Task goal » For the listing below, output exactly the lines from the line with "17日下午,雨后的龍湖景區(qū)景色優" up to and including the line with "[226]-، [وفيه] مات", and no other lines.
:: Extracted data
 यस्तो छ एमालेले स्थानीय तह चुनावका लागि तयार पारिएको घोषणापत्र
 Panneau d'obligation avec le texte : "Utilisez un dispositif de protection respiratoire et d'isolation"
::::
:: Extracted data
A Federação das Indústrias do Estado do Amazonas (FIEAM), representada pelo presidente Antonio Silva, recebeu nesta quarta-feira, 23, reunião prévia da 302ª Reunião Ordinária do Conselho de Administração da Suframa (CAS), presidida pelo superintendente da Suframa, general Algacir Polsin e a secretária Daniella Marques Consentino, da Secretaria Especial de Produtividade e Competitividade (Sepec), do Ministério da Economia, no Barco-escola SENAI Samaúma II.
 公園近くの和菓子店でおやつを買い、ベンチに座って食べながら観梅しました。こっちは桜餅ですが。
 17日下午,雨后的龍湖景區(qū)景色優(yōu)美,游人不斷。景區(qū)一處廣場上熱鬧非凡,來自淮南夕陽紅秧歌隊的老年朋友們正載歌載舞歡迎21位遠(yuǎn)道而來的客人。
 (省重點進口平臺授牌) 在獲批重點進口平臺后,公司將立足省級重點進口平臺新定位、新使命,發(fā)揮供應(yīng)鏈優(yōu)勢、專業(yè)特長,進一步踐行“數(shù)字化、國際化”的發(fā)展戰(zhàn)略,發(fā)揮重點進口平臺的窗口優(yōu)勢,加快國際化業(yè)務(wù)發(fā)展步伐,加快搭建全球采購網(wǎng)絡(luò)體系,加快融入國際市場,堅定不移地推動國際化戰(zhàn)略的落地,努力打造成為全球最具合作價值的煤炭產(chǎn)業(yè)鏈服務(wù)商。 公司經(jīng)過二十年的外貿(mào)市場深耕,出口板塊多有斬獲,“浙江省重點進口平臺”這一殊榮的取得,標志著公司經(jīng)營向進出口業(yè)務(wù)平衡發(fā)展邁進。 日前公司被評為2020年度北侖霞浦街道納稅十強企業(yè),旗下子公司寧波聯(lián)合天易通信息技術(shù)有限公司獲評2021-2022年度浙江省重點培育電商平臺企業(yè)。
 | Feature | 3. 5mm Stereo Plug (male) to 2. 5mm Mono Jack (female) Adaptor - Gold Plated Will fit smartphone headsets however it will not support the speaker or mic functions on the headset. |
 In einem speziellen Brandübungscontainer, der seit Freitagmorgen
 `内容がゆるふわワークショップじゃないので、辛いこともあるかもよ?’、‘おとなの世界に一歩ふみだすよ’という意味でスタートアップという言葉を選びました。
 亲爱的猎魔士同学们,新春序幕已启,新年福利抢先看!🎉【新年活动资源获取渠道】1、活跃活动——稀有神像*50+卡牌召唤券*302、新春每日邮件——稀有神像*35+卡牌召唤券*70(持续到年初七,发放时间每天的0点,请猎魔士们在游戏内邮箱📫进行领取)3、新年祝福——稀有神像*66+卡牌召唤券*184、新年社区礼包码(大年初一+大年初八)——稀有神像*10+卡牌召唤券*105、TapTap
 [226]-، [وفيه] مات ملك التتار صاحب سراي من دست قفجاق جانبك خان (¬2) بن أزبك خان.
::::
:: Extracted data
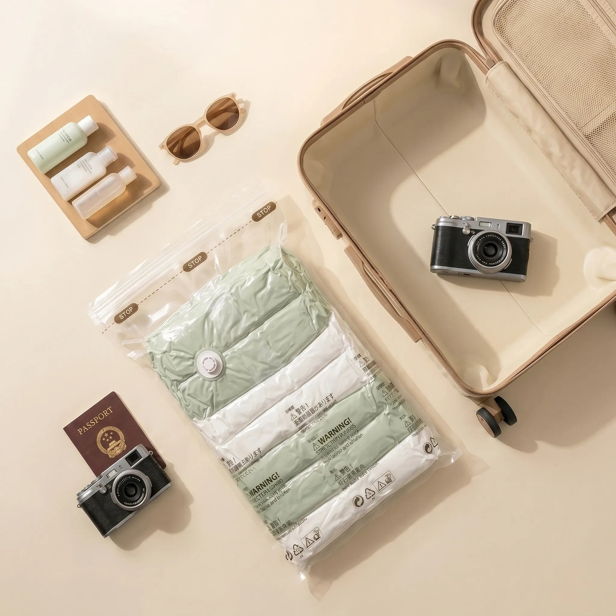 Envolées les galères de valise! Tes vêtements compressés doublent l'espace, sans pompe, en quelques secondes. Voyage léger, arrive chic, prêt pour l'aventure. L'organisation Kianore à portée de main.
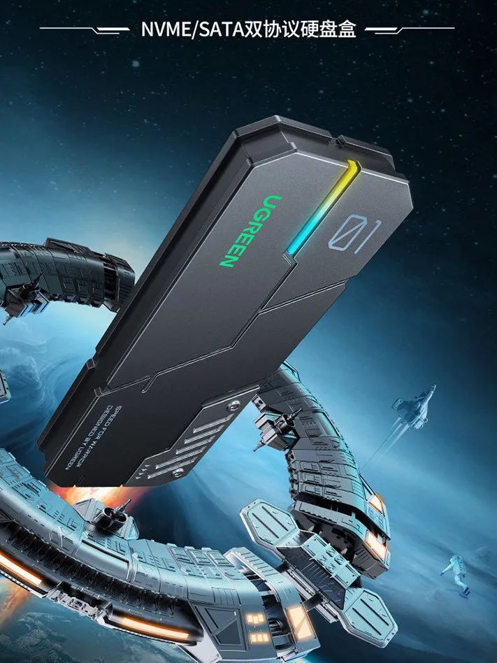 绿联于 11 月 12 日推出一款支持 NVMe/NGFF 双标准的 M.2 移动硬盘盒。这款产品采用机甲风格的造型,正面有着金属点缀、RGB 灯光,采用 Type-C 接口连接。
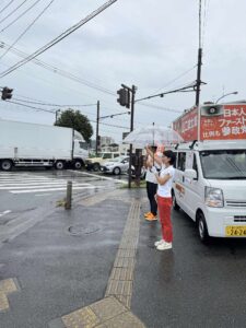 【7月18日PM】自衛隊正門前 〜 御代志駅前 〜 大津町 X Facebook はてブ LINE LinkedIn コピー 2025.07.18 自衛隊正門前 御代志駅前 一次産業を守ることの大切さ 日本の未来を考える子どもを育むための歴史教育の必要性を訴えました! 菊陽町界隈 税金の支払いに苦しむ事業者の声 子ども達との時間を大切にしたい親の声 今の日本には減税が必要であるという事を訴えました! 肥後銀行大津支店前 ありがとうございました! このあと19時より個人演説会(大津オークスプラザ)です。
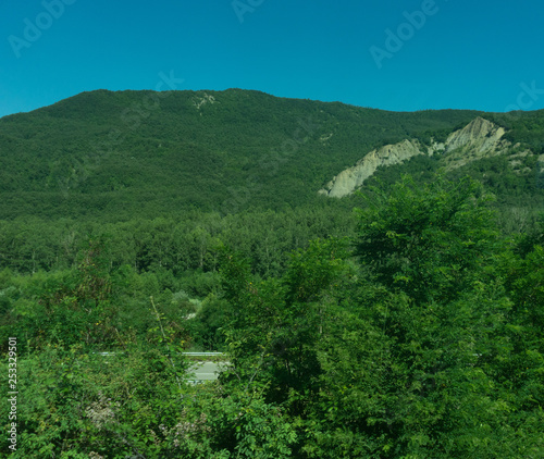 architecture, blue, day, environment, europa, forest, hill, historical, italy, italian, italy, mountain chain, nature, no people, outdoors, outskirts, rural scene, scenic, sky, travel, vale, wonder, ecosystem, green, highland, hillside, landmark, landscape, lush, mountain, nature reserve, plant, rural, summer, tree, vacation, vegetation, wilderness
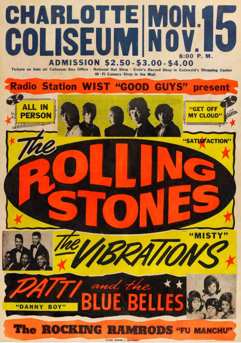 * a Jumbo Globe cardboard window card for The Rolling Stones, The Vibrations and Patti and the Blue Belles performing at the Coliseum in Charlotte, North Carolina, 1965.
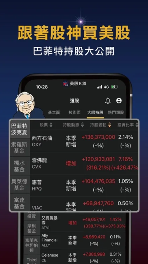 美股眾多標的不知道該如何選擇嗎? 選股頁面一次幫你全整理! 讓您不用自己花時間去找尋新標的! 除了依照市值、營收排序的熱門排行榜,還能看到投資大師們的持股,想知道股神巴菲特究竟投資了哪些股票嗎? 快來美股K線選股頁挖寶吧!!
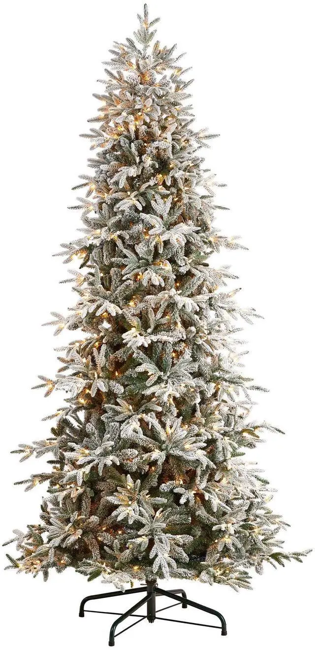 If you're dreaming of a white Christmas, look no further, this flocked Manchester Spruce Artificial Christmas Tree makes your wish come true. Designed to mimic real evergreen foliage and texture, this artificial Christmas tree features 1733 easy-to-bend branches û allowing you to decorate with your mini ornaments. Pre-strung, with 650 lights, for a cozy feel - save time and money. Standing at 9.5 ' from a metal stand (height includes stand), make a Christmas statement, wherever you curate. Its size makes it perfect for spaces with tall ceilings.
::::
Exercise response »
 17日下午,雨后的龍湖景區(qū)景色優(yōu)美,游人不斷。景區(qū)一處廣場上熱鬧非凡,來自淮南夕陽紅秧歌隊的老年朋友們正載歌載舞歡迎21位遠(yuǎn)道而來的客人。
 (省重點進口平臺授牌) 在獲批重點進口平臺后,公司將立足省級重點進口平臺新定位、新使命,發(fā)揮供應(yīng)鏈優(yōu)勢、專業(yè)特長,進一步踐行“數(shù)字化、國際化”的發(fā)展戰(zhàn)略,發(fā)揮重點進口平臺的窗口優(yōu)勢,加快國際化業(yè)務(wù)發(fā)展步伐,加快搭建全球采購網(wǎng)絡(luò)體系,加快融入國際市場,堅定不移地推動國際化戰(zhàn)略的落地,努力打造成為全球最具合作價值的煤炭產(chǎn)業(yè)鏈服務(wù)商。 公司經(jīng)過二十年的外貿(mào)市場深耕,出口板塊多有斬獲,“浙江省重點進口平臺”這一殊榮的取得,標志著公司經(jīng)營向進出口業(yè)務(wù)平衡發(fā)展邁進。 日前公司被評為2020年度北侖霞浦街道納稅十強企業(yè),旗下子公司寧波聯(lián)合天易通信息技術(shù)有限公司獲評2021-2022年度浙江省重點培育電商平臺企業(yè)。
 | Feature | 3. 5mm Stereo Plug (male) to 2. 5mm Mono Jack (female) Adaptor - Gold Plated Will fit smartphone headsets however it will not support the speaker or mic functions on the headset. |
 In einem speziellen Brandübungscontainer, der seit Freitagmorgen
 `内容がゆるふわワークショップじゃないので、辛いこともあるかもよ?’、‘おとなの世界に一歩ふみだすよ’という意味でスタートアップという言葉を選びました。
 亲爱的猎魔士同学们,新春序幕已启,新年福利抢先看!🎉【新年活动资源获取渠道】1、活跃活动——稀有神像*50+卡牌召唤券*302、新春每日邮件——稀有神像*35+卡牌召唤券*70(持续到年初七,发放时间每天的0点,请猎魔士们在游戏内邮箱📫进行领取)3、新年祝福——稀有神像*66+卡牌召唤券*184、新年社区礼包码(大年初一+大年初八)——稀有神像*10+卡牌召唤券*105、TapTap
 [226]-، [وفيه] مات ملك التتار صاحب سراي من دست قفجاق جانبك خان (¬2) بن أزبك خان.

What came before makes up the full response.